To evaluate the risk of low-risk prostate cancer or prostate cancer that may benefit from surveillance in patients with a PSA level less than 10ng/ml, a normal digital rectal examination (DRE) and a transrectal power Doppler sonography (PDS) without anomaly.

Patients and methods

Two hundred and forty-three consecutive patients with a PSA level less than 10ng/ml and a DRE without anomaly had PDS-guided biopsies: 12 to 15 samples were systematically taken and echo-guided in the suspect areas. The PDS results were rated from 1 to 4: 1: normal, 2: slightly hypoechogenic avascular area in which the hypo-echogenicity disappears after compression by probe, 3: hypoechogenic avascular area, 4: hypoechogenic vascularised area with power Doppler sonography. Patients rated 3 or 4 were considered to be pathological. D’Amico’s criteria were used to assess the risk of a biological recurrence after treatment and those of Dall’Era were used to select the patients that could benefit from active surveillance (AS).

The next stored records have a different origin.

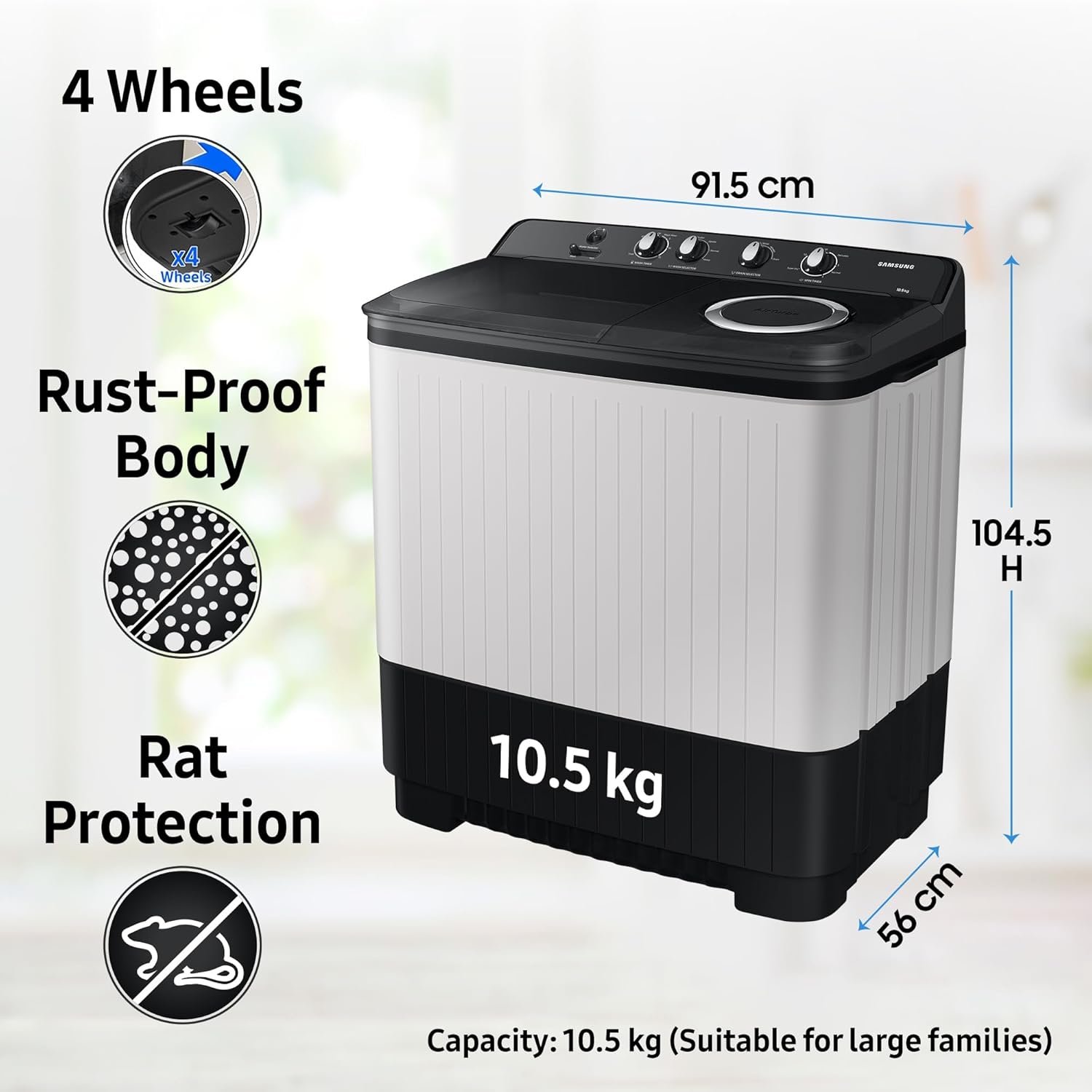 Capacity 10.5 kg: Suitable for large families | Water Pressure: (0.05~0.3MPa)(0.5~3.0kg.f/cm²) | Water Consumption : Refer to BEE label
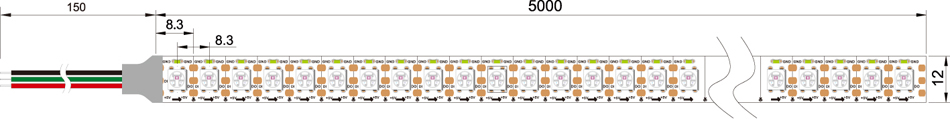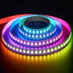This Addressable SK6812 Color-Chasing Digital RGB LED Light Strip Implementation of 7 colour change at the same time can have a pure white light. Single point of single control, high gray level, and can achieve a variety of beautiful effect. Its powerful lighting function to make it more valuable for different application areas. it perfect for cabinet lighting, under-cabinet lighting, toe-kick lighting, cove lighting, bias lighting, store window lighting, bookshelf lighting, showcase lighting, cupboard lighting, or for other indoor applications where space is limited. The flexible 16-1/2' strip has 600 LEDs (5050 SMD).The non-weatherproof light strip operates at 5VDC and is designed to last 40,000 hours. It can be cut into 1-LED segments and installs easily with a peel-and-stick adhesive backing. Also available in a 300LEDs Addressable RGB LED Strip Lights.
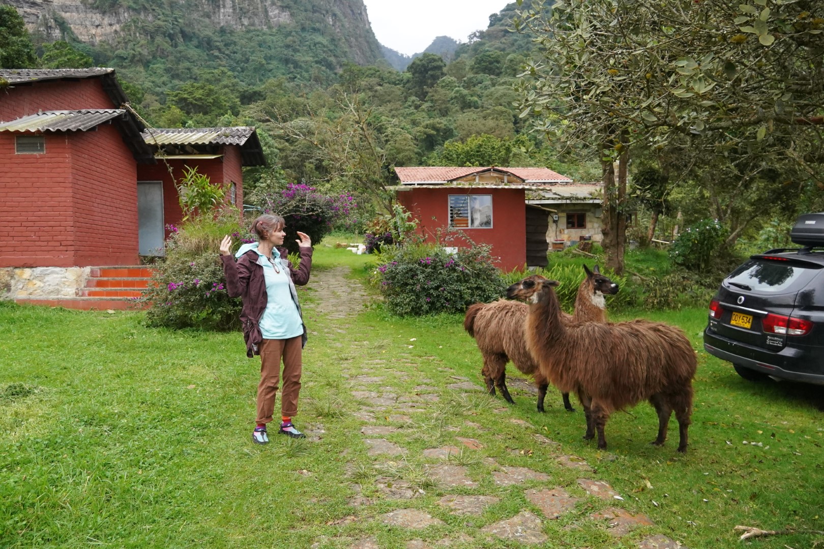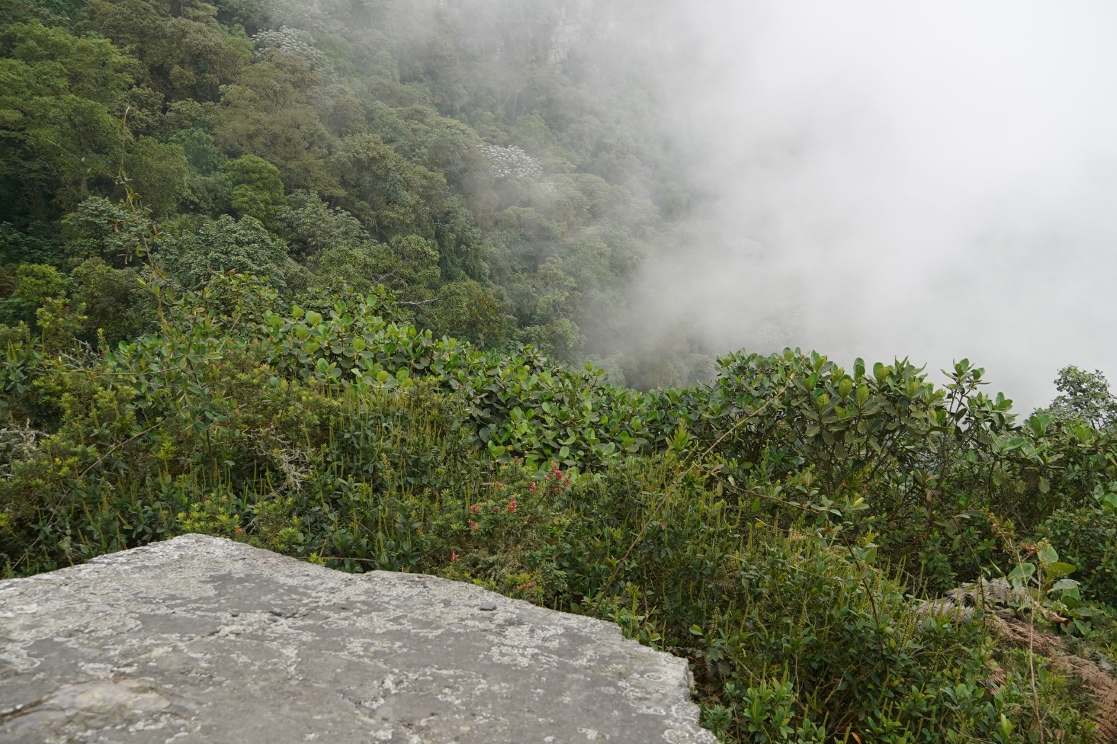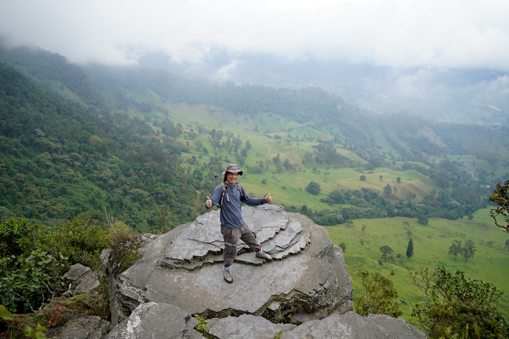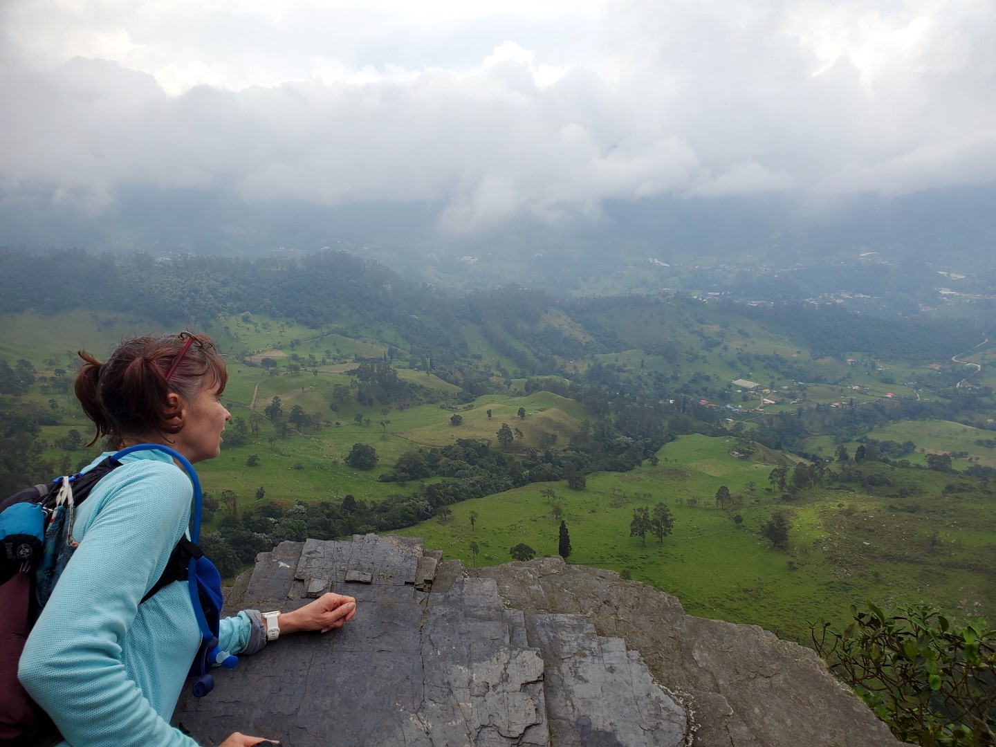 With our first week of volunteering concluded at UBHA school, we were free to spend a 3-day weekend hiking through the stupendous Chicaque Natural Park. On Saturday morning, we set out on a hike to visit one of its landmarks: Pico (the peak), which on a clear day offers a sweeping view of the valley below. (Pico is also short for Pico del Aguila, meaning “eagle’s beak”, which is what this formation resembles.) This wasn’t a particularly clear day, and in fact was either very foggy/ cloudy (hard to tell the difference at this altitude) or rainy most of the day — indeed, it never dried up much during our entire stay in the park, and our shoes stayed wet pretty much the whole time. But even on this mostly rainy/cloudy/foggy day we still managed to sneak in some pretty good peeks form the peak of the beak.
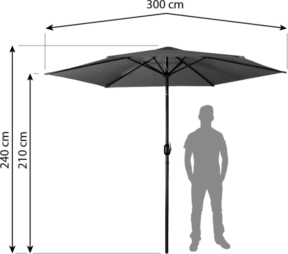 Tento velký zahradní slunečník s průměrem 3 m poskytne spolehlivý stín pro jídelní stůl, posezení i lehátka. Pevná ocelová konstrukce a 6 žeber drží tvar i při větru, zatímco hustě tkaný polyester 160 g/m² je odolný a snadno se udržuje. Praktický větrací otvor na vrcholu zlepšuje proudění vzduchu a pomáhá snižovat tlak větru.
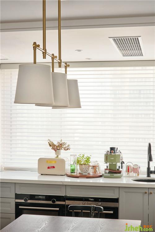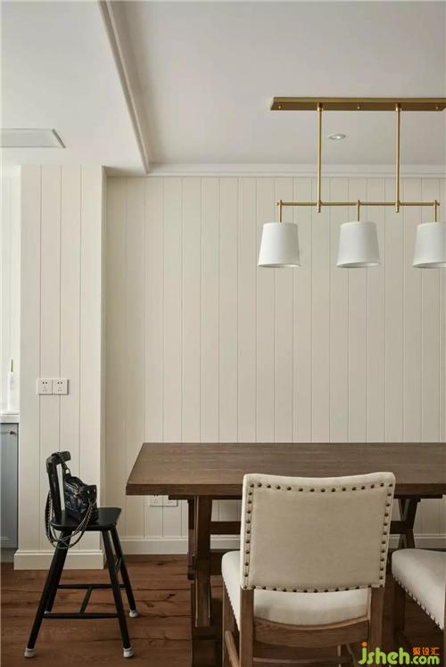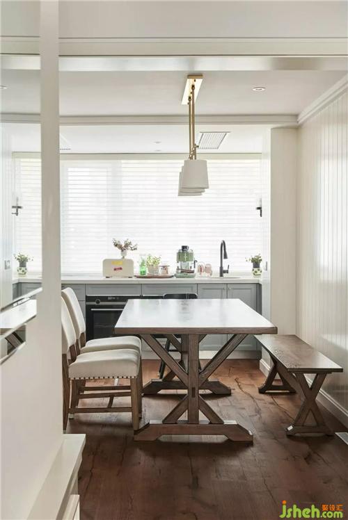 原木色是對美式的最好詮釋,餐廳原木色的餐桌椅和不同形式米白色的墻面,配以淺灰色櫥柜,沐浴在陽光之下,讓整個家居環(huán)境散發(fā)出一種怡人的氣氛,讓人置身其中,能夠獲得舒適與放松。

The PDS was considered to be a true positive if at least one biopsy was positive in the same sextant as the suspect image.

Results

In a prospective manner, 106 cancers were diagnosed that could be qualified as low-risk in 84% of the cases (89% with a normal PDS and 79% with an abnormal PDS). Sixty-nine percent of the cases could be subject to AS (86% of the normal PDS cases and 47% of the abnormal PDS cases; P<0.001). The PDS was normal in 159 of the 243 patients (65%). With a normal PDS, there was a 96% probability of not having a high-risk cancer. With an abnormal PDS, at least one biopsy was positive in 57% of the cases and the probability of having a significant cancer was 30% according to the Dall’Era criteria. A significant reduction was noted with a normal PDS, to 36% and 5%, respectively (VPN=95%) (P=0.015).

Conclusion

A normal PDS in patients presenting a PSA level less than 10ng/ml and a DRE without anomaly may be used to put off the indication for a biopsy in order to reduce their number as well as the risks of overtreatment for a latent cancer.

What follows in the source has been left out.